Complex rational numbers

Definition

• A complex rational number is a rational number in which the numerator is a rational number, or the denominator is a rational number, or both are. For example,
  • \(\dfrac{\tfrac{2}{3}}{5}\): the numerator is \(\tfrac{2}{3}\) and the denominator is \(5\).
  • \(\dfrac{4}{\tfrac{3}{5}}\): the numerator is \(4\) and the denominator is \(\tfrac{3}{5}\).
  • \(\dfrac{\tfrac{2}{5}}{\tfrac{3}{4}}\): the numerator is \(\tfrac{2}{5}\) and the denominator is \(\tfrac{3}{4}\).

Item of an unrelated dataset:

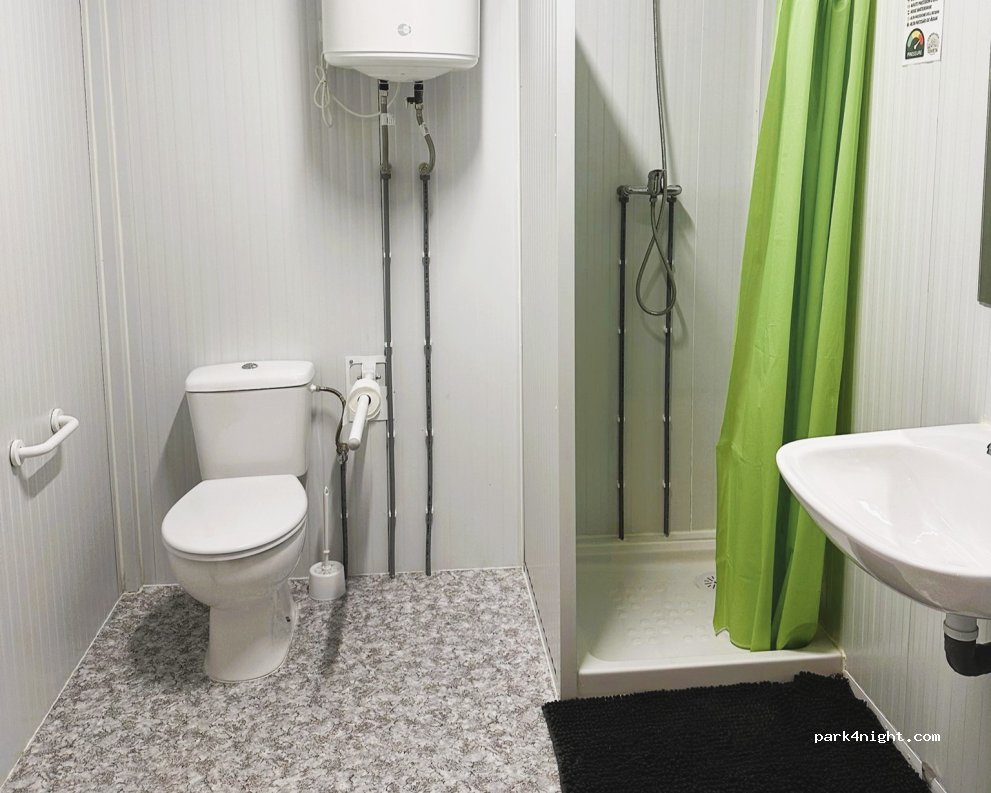 L’aire dispose de sanitaires avec douches, d’une zone de vidange et de remplissage des eaux, d’une laverie équipée de machines à laver et de sèche-linge, ainsi que du WiFi gratuit. Vous trouverez également un espace barbecue et un environnement soigné qui combine proximité de la mer et tranquillité pour se reposer.

Converting to simple rational numbers

Every complex rational number can be expressed as a simple rational number with an integer numerator and an integer denominator. We simply perform division of the numerator by the denominator and evaluate the result. For example

\[\dfrac{\tfrac{2}{3}}{5} = \tfrac{2}{3}\div 5 = \tfrac{2}{3}\times \tfrac{1}{5} = \dfrac{2}{15}\] \[\dfrac{4}{\tfrac{3}{5}} = 4\div \tfrac{3}{5} = 4\times \tfrac{5}{3} = \dfrac{20}{3}\] \[\dfrac{\tfrac{2}{5}}{\tfrac{3}{4}} = \tfrac{2}{5}\div\tfrac{3}{4} = \tfrac{2}{5}\times\tfrac{4}{3} = \dfrac{8}{15}\]

If either the numerator or the denominator evaluates to a rational number, we also have a complex rational number. For example

\[\dfrac{\tfrac{2}{3}+\tfrac{5}{3}}{\tfrac{1}{4}} = \dfrac{\tfrac{7}{3}}{\tfrac{1}{4}} = \tfrac{7}{3}\times\tfrac{4}{1} = \dfrac{28}{3}\]

Complex rational forms

The same principle applies to expressions that have unknowns (i.e., symbolic placeholders).

\[\dfrac{\tfrac{a}{b}+\tfrac{c}{b}}{\tfrac{d}{b}}=\dfrac{\tfrac{a+c}{b}}{\tfrac{d}{b}}=\tfrac{a+c}{b}\times\tfrac{b}{d}=\tfrac{a+c}{d}\]